_Action item_:
Only the lines below from the one that contains "Right on the" through the one that contains "The older children" should appear in your answer, exact and without pictures.

╭─ Information shown

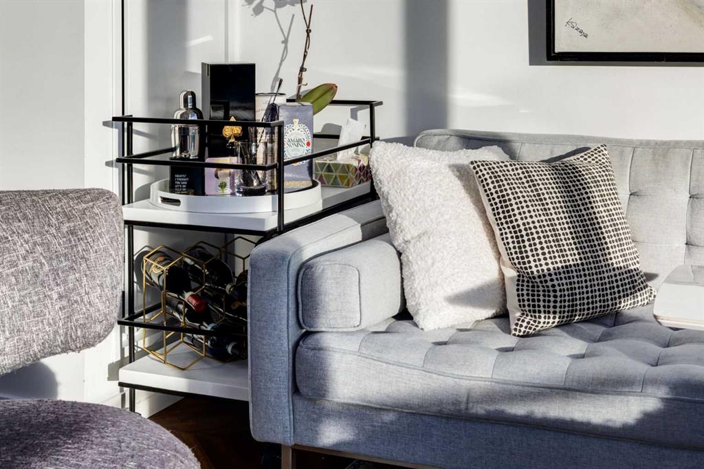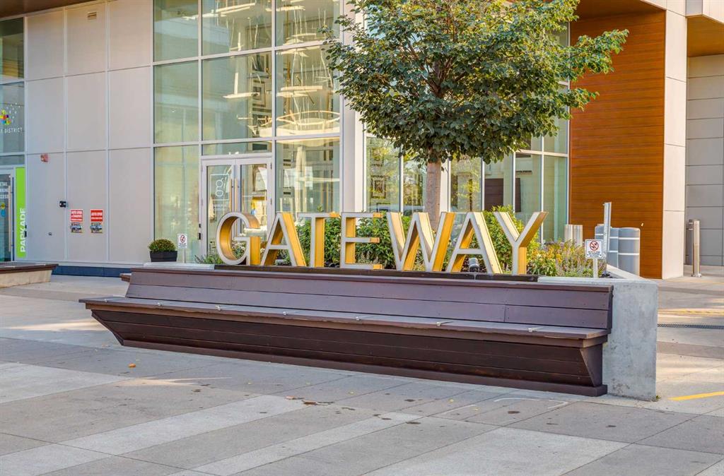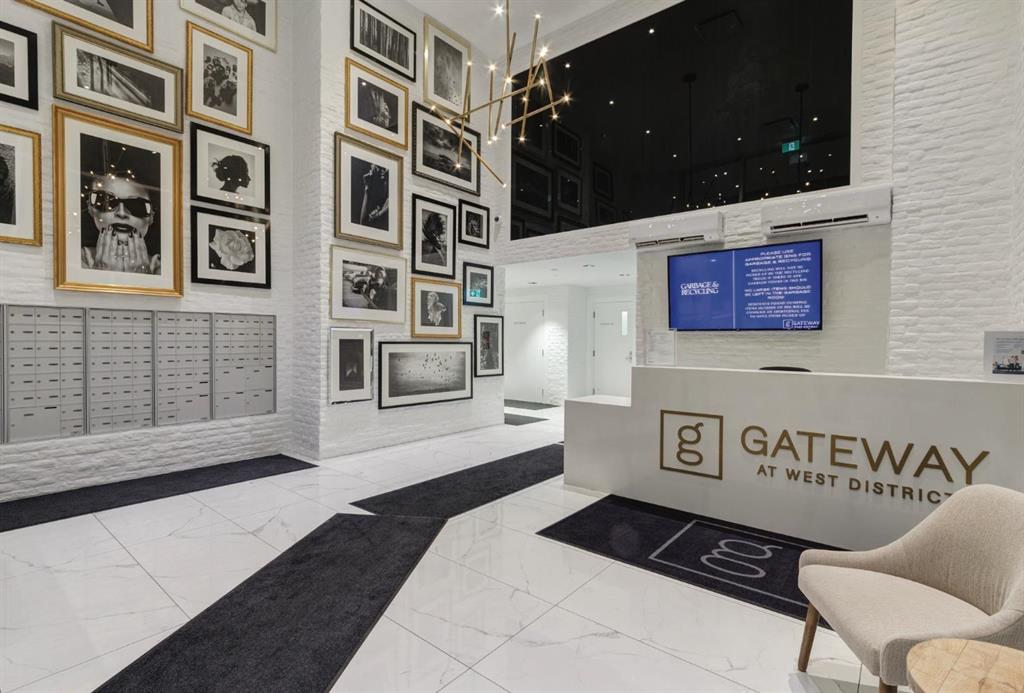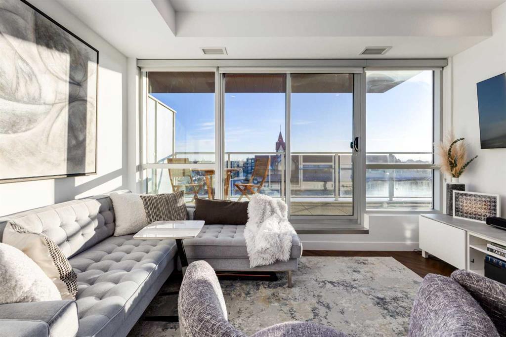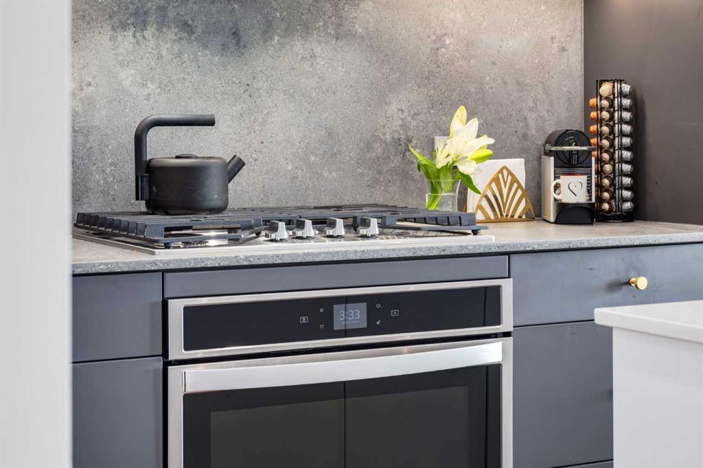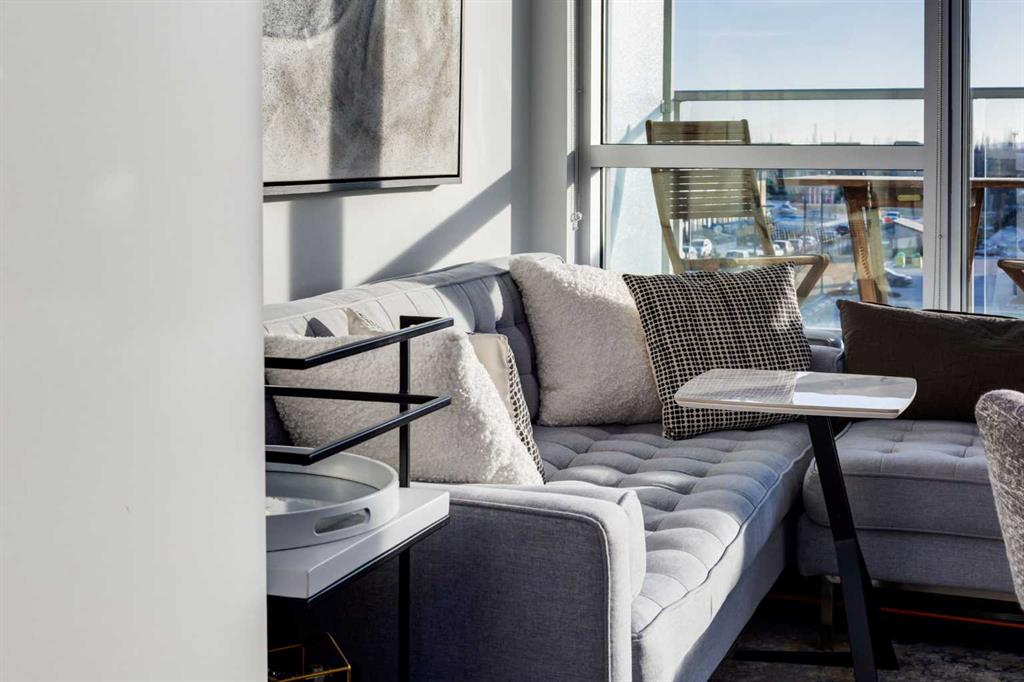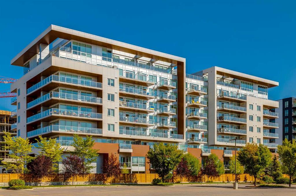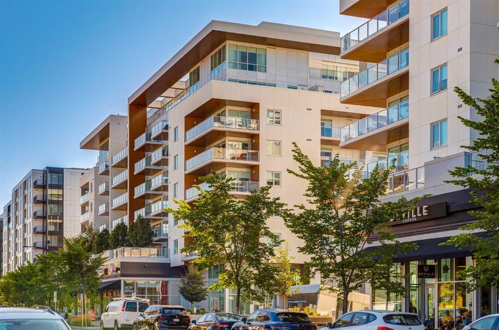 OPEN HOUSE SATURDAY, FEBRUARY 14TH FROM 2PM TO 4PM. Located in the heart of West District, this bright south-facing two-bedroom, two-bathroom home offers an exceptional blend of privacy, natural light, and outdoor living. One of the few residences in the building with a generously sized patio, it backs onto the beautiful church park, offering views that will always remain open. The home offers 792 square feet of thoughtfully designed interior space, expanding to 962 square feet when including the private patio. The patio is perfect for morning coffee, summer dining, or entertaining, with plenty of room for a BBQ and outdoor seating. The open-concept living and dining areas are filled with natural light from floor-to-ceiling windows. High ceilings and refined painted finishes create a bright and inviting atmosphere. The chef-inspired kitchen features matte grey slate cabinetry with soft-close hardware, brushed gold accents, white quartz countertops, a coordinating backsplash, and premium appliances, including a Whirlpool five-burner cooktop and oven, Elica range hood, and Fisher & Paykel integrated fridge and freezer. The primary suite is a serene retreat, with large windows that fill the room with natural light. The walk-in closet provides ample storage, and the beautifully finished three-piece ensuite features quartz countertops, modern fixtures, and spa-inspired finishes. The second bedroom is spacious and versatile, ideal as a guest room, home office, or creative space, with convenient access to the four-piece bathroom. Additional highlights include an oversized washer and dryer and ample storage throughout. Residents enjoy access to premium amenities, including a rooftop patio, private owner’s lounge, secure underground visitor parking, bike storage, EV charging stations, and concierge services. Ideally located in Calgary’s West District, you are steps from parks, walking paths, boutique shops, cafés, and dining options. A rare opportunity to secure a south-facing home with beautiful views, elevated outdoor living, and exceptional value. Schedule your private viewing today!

╰─
╭─ Information shown

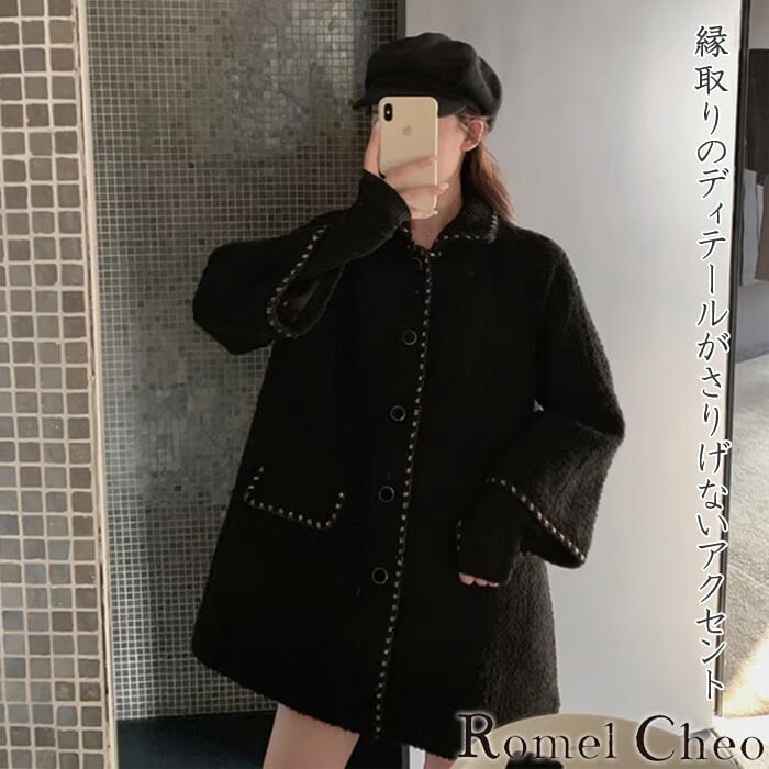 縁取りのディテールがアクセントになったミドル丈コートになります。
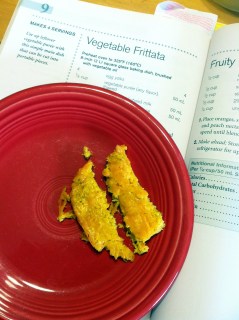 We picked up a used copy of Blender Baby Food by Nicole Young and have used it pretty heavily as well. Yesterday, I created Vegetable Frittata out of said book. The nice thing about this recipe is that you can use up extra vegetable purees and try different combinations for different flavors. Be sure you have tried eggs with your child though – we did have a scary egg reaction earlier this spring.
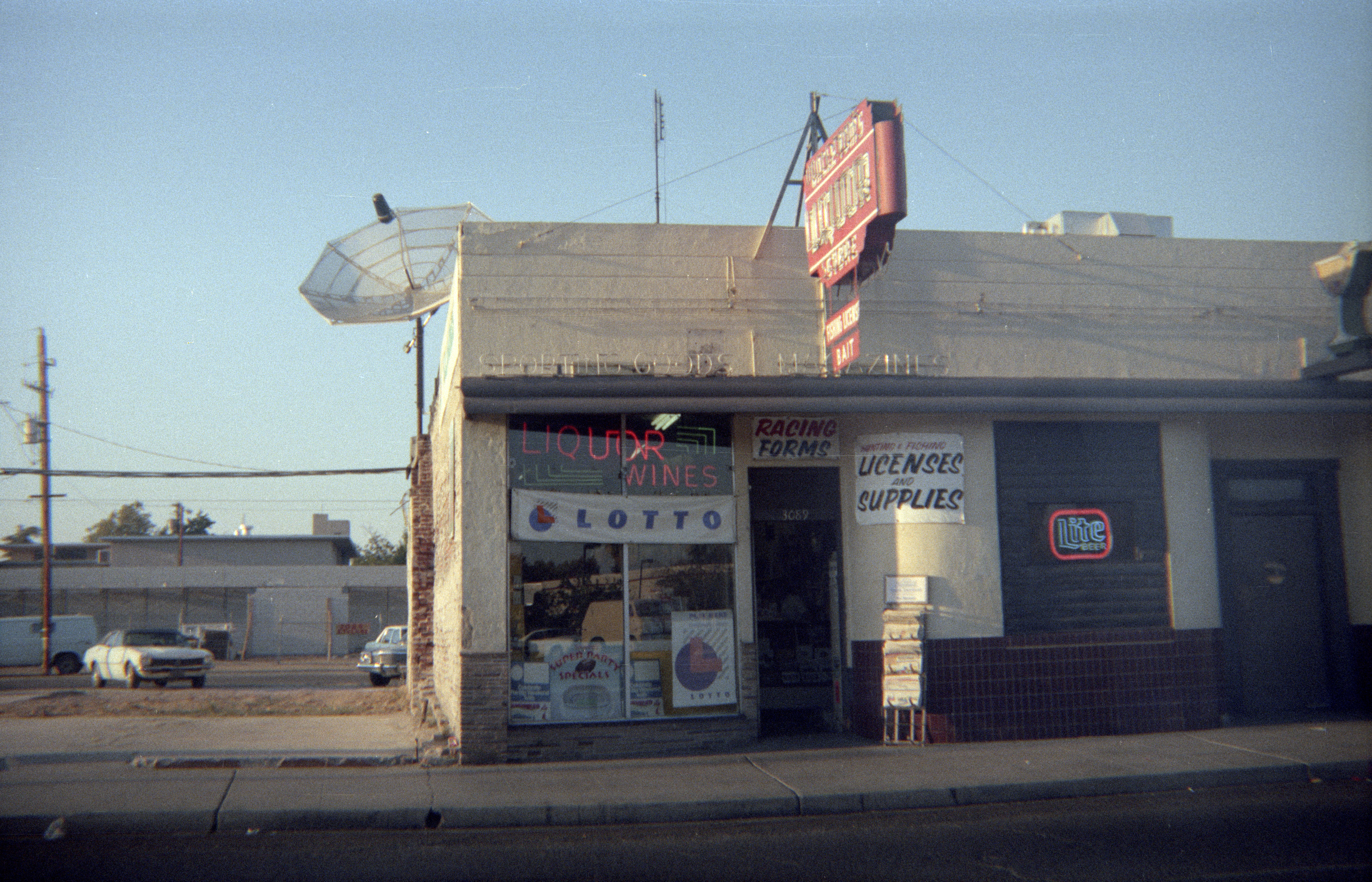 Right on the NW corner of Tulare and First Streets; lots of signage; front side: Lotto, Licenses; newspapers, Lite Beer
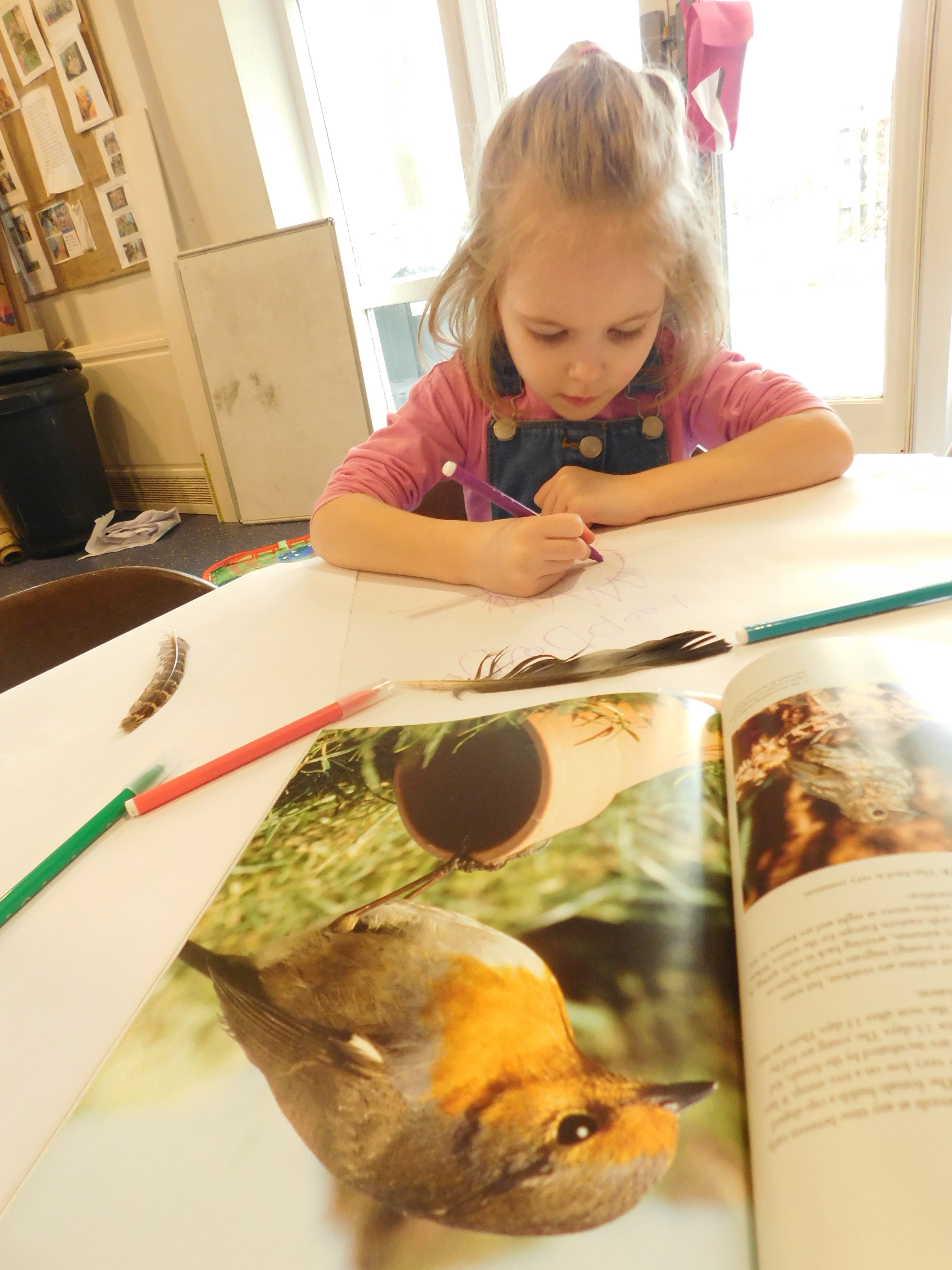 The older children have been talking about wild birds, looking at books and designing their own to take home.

╰─

_Exercise output_:
 Right on the NW corner of Tulare and First Streets; lots of signage; front side: Lotto, Licenses; newspapers, Lite Beer
 The older children have been talking about wild birds, looking at books and designing their own to take home.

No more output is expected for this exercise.